Everything from the line with "전면부는 기아의 최신" to the line with "Для правильного выбора" in the listing below, both lines included, needs to be copied exactly, apart from the pictures.

- **RECORDS FOR THE TASK**:
◆ ◆ ◆

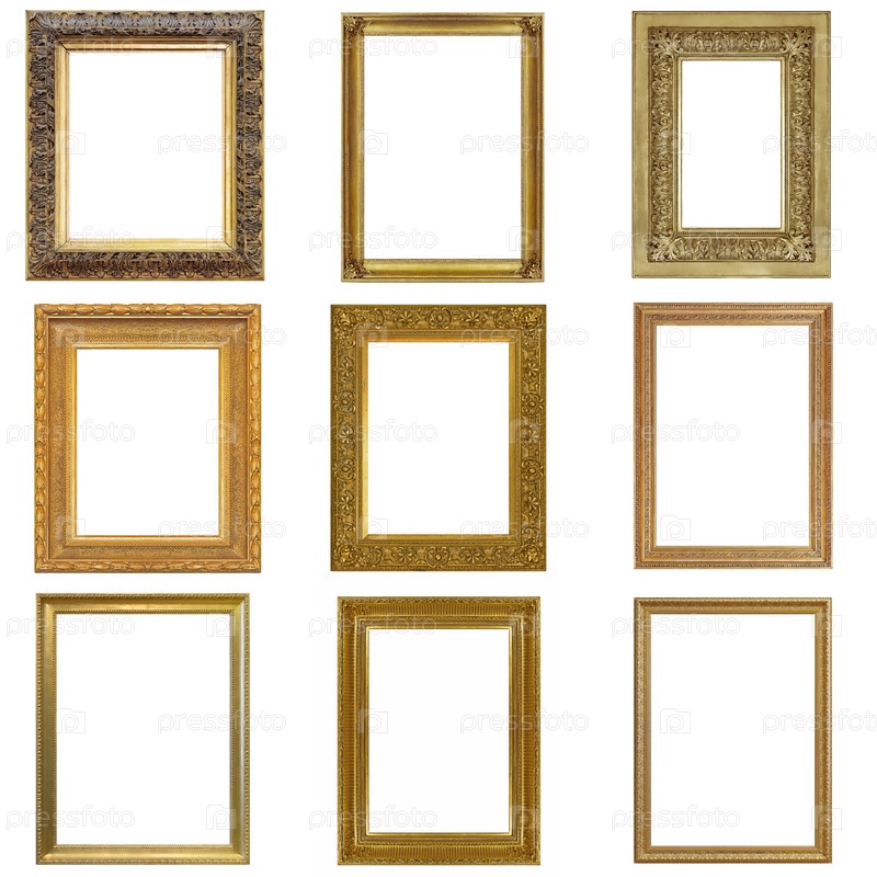 Набор золотых рамок для картин, зеркал или фотографий, изолированных на белом фоне
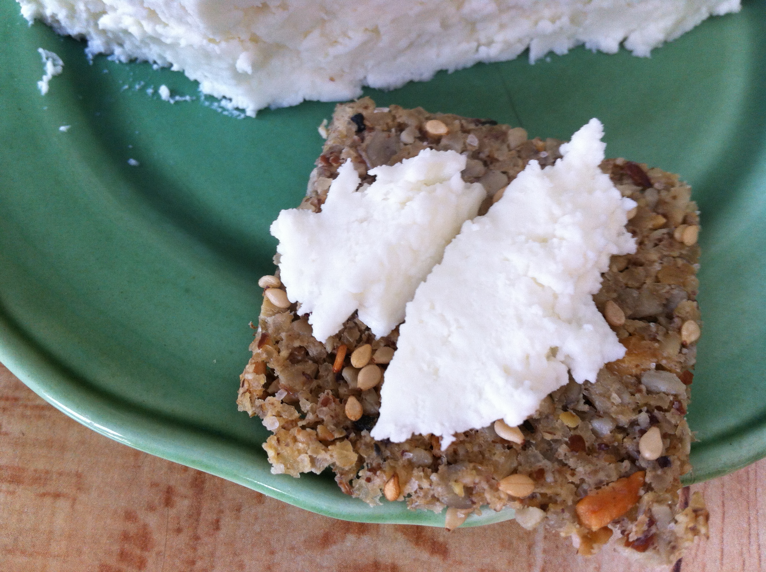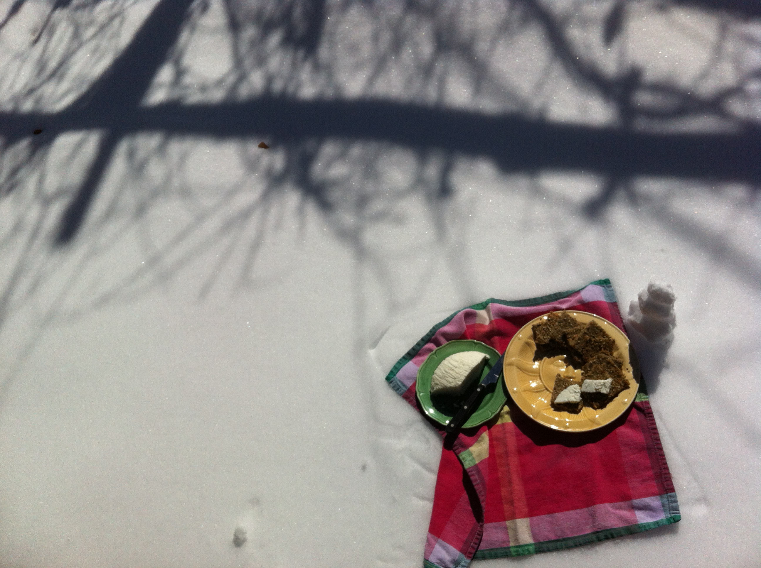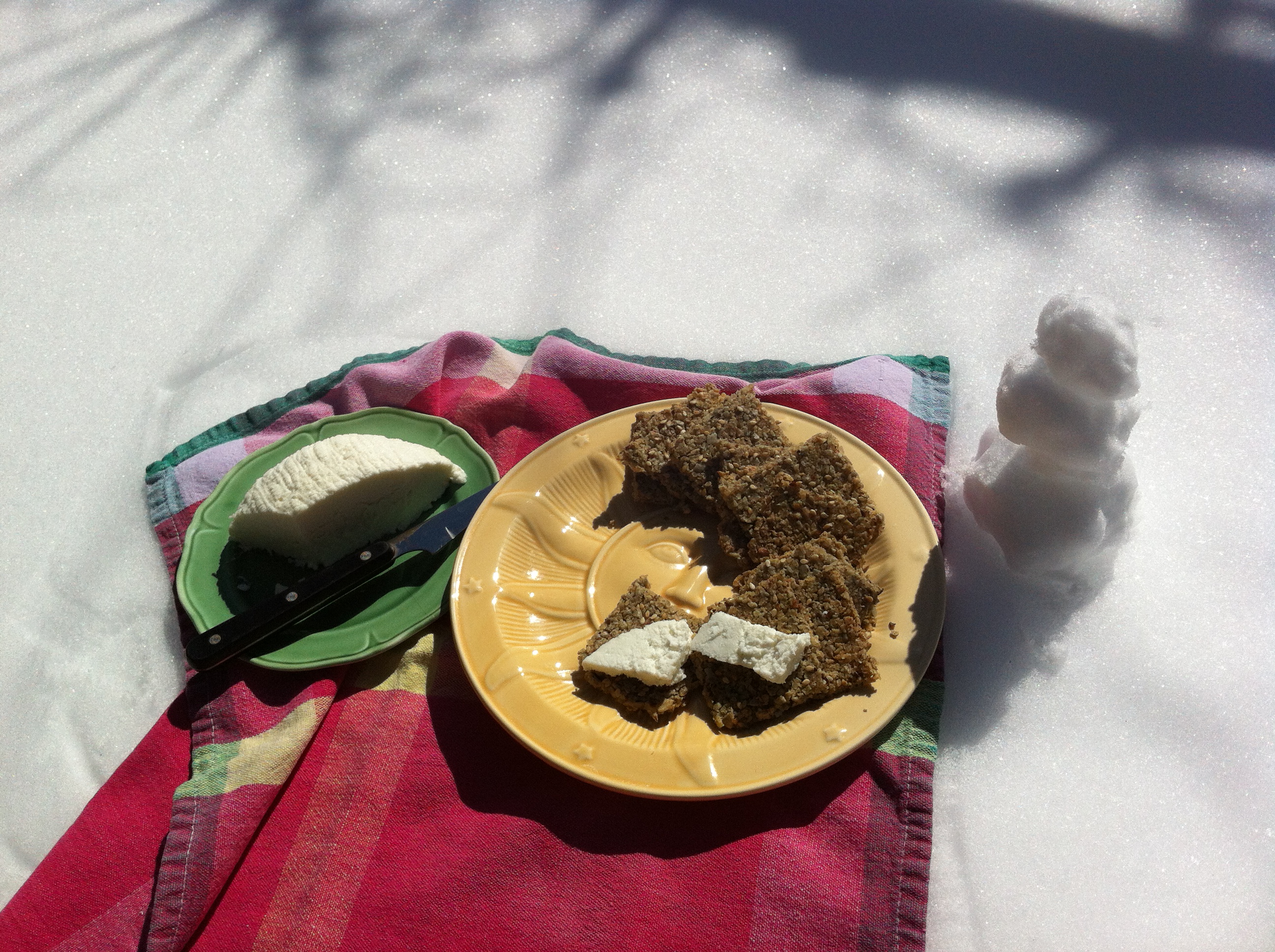 So for now, let’s eat! Are you hungry? Fresh cheese and just made crackers with herbs from the garden. With the snow drifts for our table.
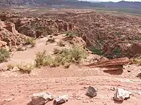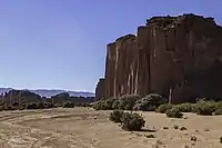| Monte de sierras y bolsones | Es una estepa arbustiva tendida sobre valles intermontanos, bolsones y laderas serranas. | Especies arbóreas, como el algarrobo. | Guanacos, tortugas terrestres, pumas, vizcachas, el pichiciego menor, la boa de las vizcacheras y el águila coronada. | ![]() |
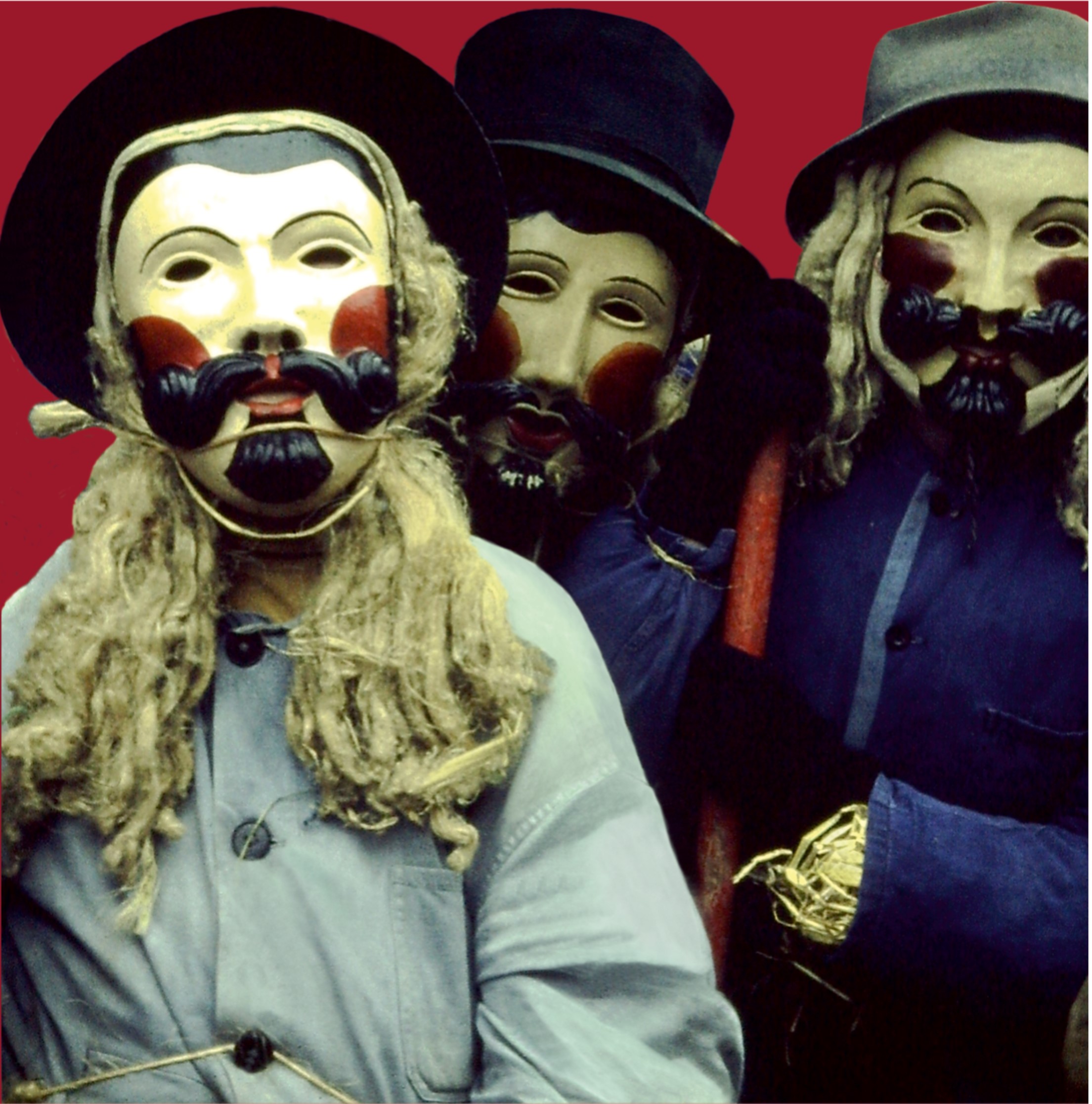 Tatsächlich ist die Rhön die nördlichste Region, in der seit Mitte des 19. Jahrhunderts Holzmasken getragen werden, angeregt vielleicht durch Händler aus dem Werdenfelser Land. Einer der beliebtesten Maskentypen sind die „Jüde“ mit ihren blauen Arbeitskitteln, die wohl auf das Schauspiel „Der Auszug der Kinder Israel aus Ägypten“ zurückgehen, das von Wandertheatern in ganz Europa aufgeführt wurde. Aber auch die unförmigen Strohmänner, die Spanmänner mit ihren mühevoll mit einzelnen Hobelspänen besteckten Gewändern oder die Unterelsbacher Fosenöchter mit aufwändig bestickten Trachten sind charaktervolle Figuren.
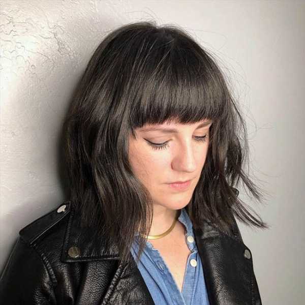 - Строгий и загадочный образ легко создать с помощью идеально прямой челки до бровей – она также не сдает своих позиций. Самый модный вариант будет в меру густым и без объема у корней.
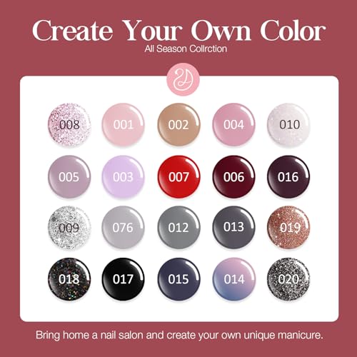【Perfect Application】 20 popular and fashionable colors, and more than 15,000+ shade combos can be designed, suitable for party or professional applications like wedding events, photo shoots, Parties, nights out, and daily daytime Use. With flawless coverage these premium dip powders and your nails will look brilliant shiny finish, lightweight, and more attractive, you will look naturally gorgeous and beautiful.
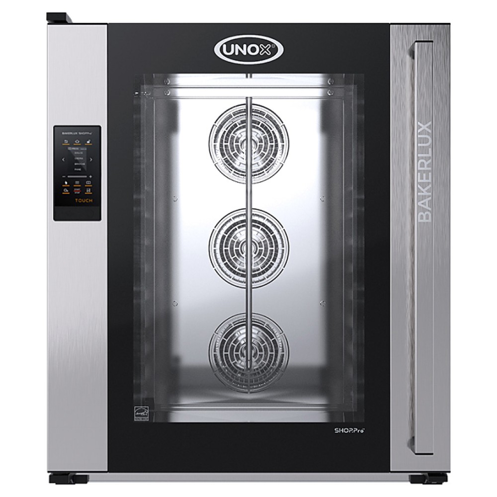 Печь конвекционная UNOX XEFT-10EU-ETRV серии BakerLux Shop.Pro предназначена для приготовления различных блюд, выпечки хлебобулочных и кондитерских изделий на предприятиях общественного питания и торговли, в пекарнях и кондитерских. Модель оснащена электронным управлением, светодиодной подсветкой и L-образными направляющими. Легко открывающееся внутреннее стекло облегчают чистку и обеспечивает максимальную гигиену. Камера выполнена из нержавеющей стали, направляющие - из гнутого стального листа.
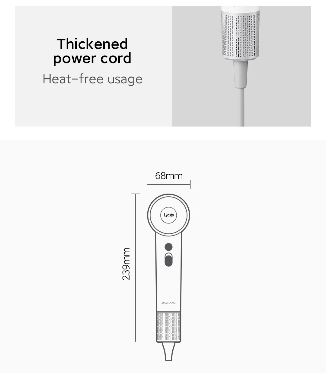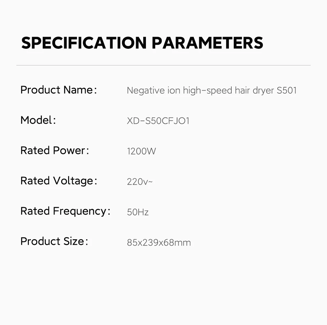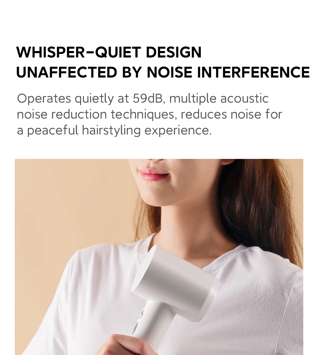 NTC intelligent temperature sensor detection, 100 cycles/second cycle temperature detection, anti-overheating damage hair 59dB soft operation
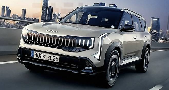 전면부는 기아의 최신 디자인 철학이 반영되어 각진 헤드램프와 세로형 LED 주간주행등이 강렬한 인상을 연출한다. 특히 대형 라디에이터 그릴은 현재 모델보다 훨씬 커졌으며, 전체적으로 더욱 당당하고 프리미엄한 분위기를 자아낸다.
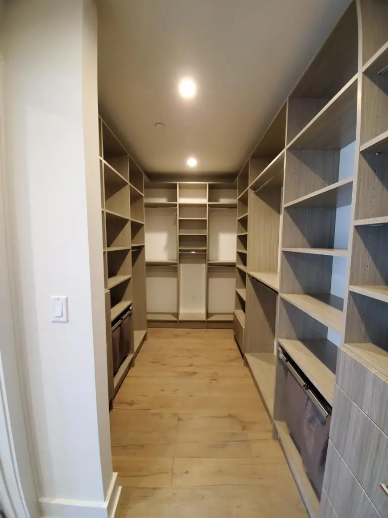 Often overlooked by designers, the closet is always at risk of becoming an afterthought, leaving homeowners frustrated with inadequate storage. That’s where we come in. Our custom closet buildouts transform these essential spaces into organized, functional, and stylish areas tailored to your needs.
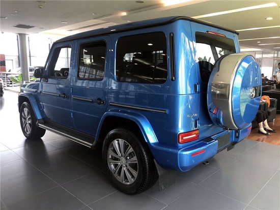 新车的尾部采用了非常方正的轮廓设计,黑色的小书包的外圈采用了黑色的涂装,它的底部包围也采用了黑色的风格,整体看起来和奔驰G500暗夜特别版车型没有什么大的区别。在蓝色奔驰G350车型的旁边的黑色奔驰G级 (配置|询价)也是一款G350版本的车型,它的外观细节和蓝色车型不同,它的备胎上采用了银色的涂装,车轮毂也采用了银色设计!
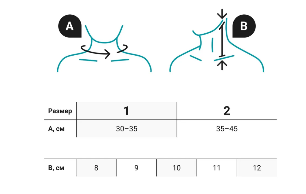 Для правильного выбора подходящего размера шейного бандажа для детей и взрослых Orlett БН6-53 необходимо сантиметровой лентой измерить окружность и высоту шеи (высота измеряется от угла нижней челюсти и до ключицы).
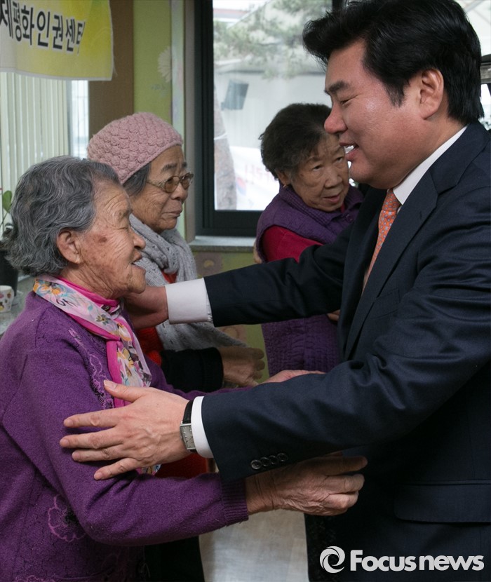 (광주=포커스뉴스) 병신년(丙申年) 새해 첫 날인 1일 오후 박옥선(왼쪽) 할머니가 경기도 광주 일본군 위안부 피해자 쉼터 나눔의 집을 방문한 원유철 새누리당 원내대표와 간담회를 마친 뒤 포옹하고 있다.
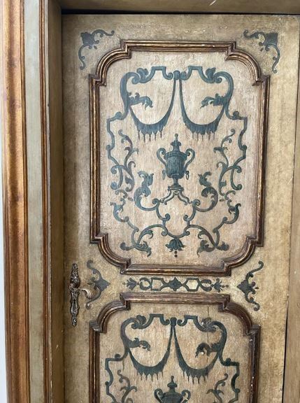 con doppio riquadro, scorniciature in legno dorato e parti centrali decorate in lacca policroma, maniglie in bronzo ed imbotto in legno dorato laccato (15 cm), retro in lacca nera senza decorazioni. Cimasa non in vendita.

◆ ◆ ◆

- **RESPONSE AREA**:
 전면부는 기아의 최신 디자인 철학이 반영되어 각진 헤드램프와 세로형 LED 주간주행등이 강렬한 인상을 연출한다. 특히 대형 라디에이터 그릴은 현재 모델보다 훨씬 커졌으며, 전체적으로 더욱 당당하고 프리미엄한 분위기를 자아낸다.
 Often overlooked by designers, the closet is always at risk of becoming an afterthought, leaving homeowners frustrated with inadequate storage. That’s where we come in. Our custom closet buildouts transform these essential spaces into organized, functional, and stylish areas tailored to your needs.
 新车的尾部采用了非常方正的轮廓设计,黑色的小书包的外圈采用了黑色的涂装,它的底部包围也采用了黑色的风格,整体看起来和奔驰G500暗夜特别版车型没有什么大的区别。在蓝色奔驰G350车型的旁边的黑色奔驰G级 (配置|询价)也是一款G350版本的车型,它的外观细节和蓝色车型不同,它的备胎上采用了银色的涂装,车轮毂也采用了银色设计!
 Для правильного выбора подходящего размера шейного бандажа для детей и взрослых Orlett БН6-53 необходимо сантиметровой лентой измерить окружность и высоту шеи (высота измеряется от угла нижней челюсти и до ключицы).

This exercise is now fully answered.